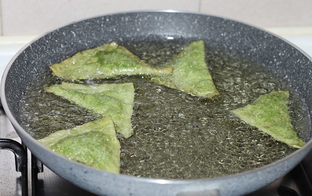 English. Fry the samosas in hot peanuts oil, three minutes per each side. Use a generous quantity of oil, in order to get crunchy and dry samosas. A well cooked “green samosa” has some little bubbles on the surface while the colors fades a bit out.
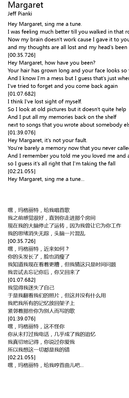Hey Margaret, sing me a tune. |
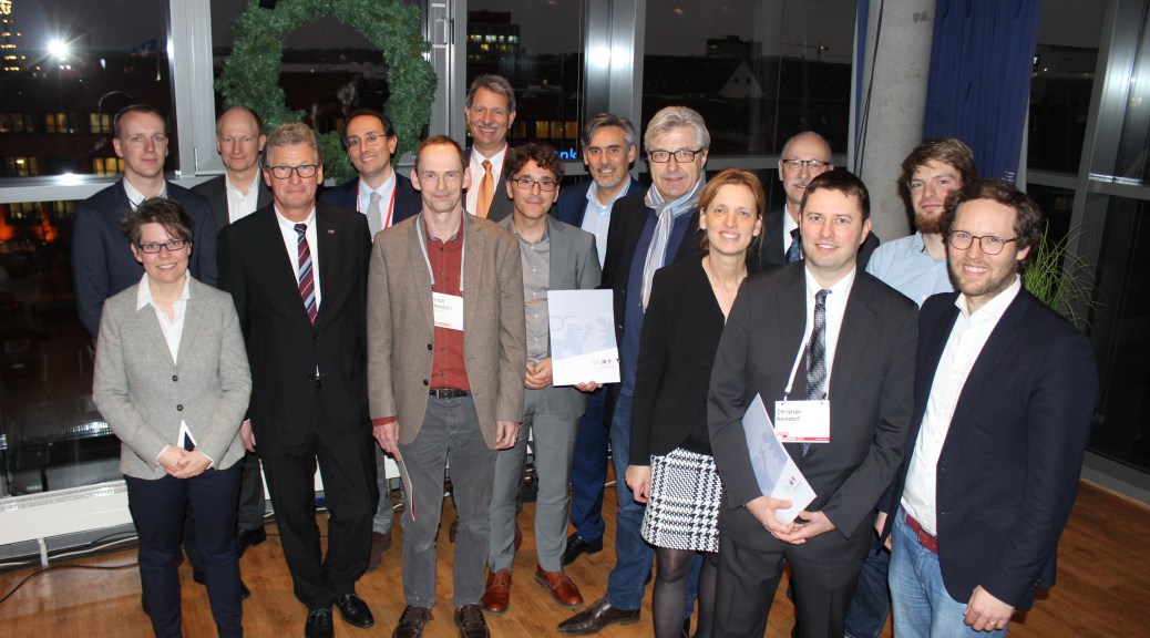 Die Sieger des landesweiten Isdeenwettbewerbs (von rechts vorn): Energiewendeminister Jan Philipp Albrecht, Prof. Dr. Christian Keindorf (Fachhochschule Kiel), Ministerin Karin Prien, Prof. Dr. Friedhelm Taube (CAU Kiel), Prof. Dr. Thomas Franke (Uni Lübeck), Prof. Dr. Hinrich Uellendahl (Uni Flensburg), Minister Buchholz, Dr. Sandra Hansen (CAU Kiel).
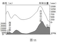 4、单选题 图11是沿37?N世界某地地形剖面及年降水量分布图,据图判断问题。
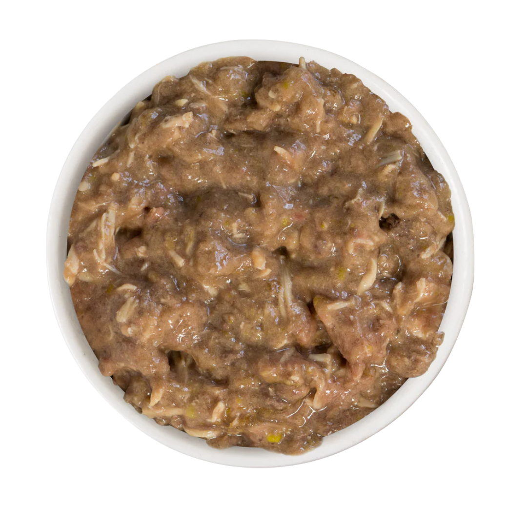 Con pollito sin hueso, criado libre (cage-free), y trocitos de pumpkin en un caldito au jus súper deli, esta receta tiene high protein, cero carbs, sin almidones y está hecha para alimentar los cravings de tu michi
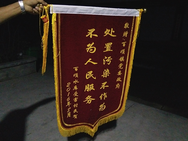 谢华白、冯继昌等村民说,他们多次向镇里、县里反映污染情况,政府部门也多次说整改,但一直没落实,于是,冯勇军就制了两面“不作为”锦旗。

--------

--- WORK ORDER ---
Each entry is to be returned as it stands, and each picture is to be left out.

--- EXPECTED OUTPUT ---
 English. Fry the samosas in hot peanuts oil, three minutes per each side. Use a generous quantity of oil, in order to get crunchy and dry samosas. A well cooked “green samosa” has some little bubbles on the surface while the colors fades a bit out.
Hey Margaret, sing me a tune. |
 Die Sieger des landesweiten Isdeenwettbewerbs (von rechts vorn): Energiewendeminister Jan Philipp Albrecht, Prof. Dr. Christian Keindorf (Fachhochschule Kiel), Ministerin Karin Prien, Prof. Dr. Friedhelm Taube (CAU Kiel), Prof. Dr. Thomas Franke (Uni Lübeck), Prof. Dr. Hinrich Uellendahl (Uni Flensburg), Minister Buchholz, Dr. Sandra Hansen (CAU Kiel).
 4、单选题 图11是沿37?N世界某地地形剖面及年降水量分布图,据图判断问题。
 Con pollito sin hueso, criado libre (cage-free), y trocitos de pumpkin en un caldito au jus súper deli, esta receta tiene high protein, cero carbs, sin almidones y está hecha para alimentar los cravings de tu michi
 谢华白、冯继昌等村民说,他们多次向镇里、县里反映污染情况,政府部门也多次说整改,但一直没落实,于是,冯勇军就制了两面“不作为”锦旗。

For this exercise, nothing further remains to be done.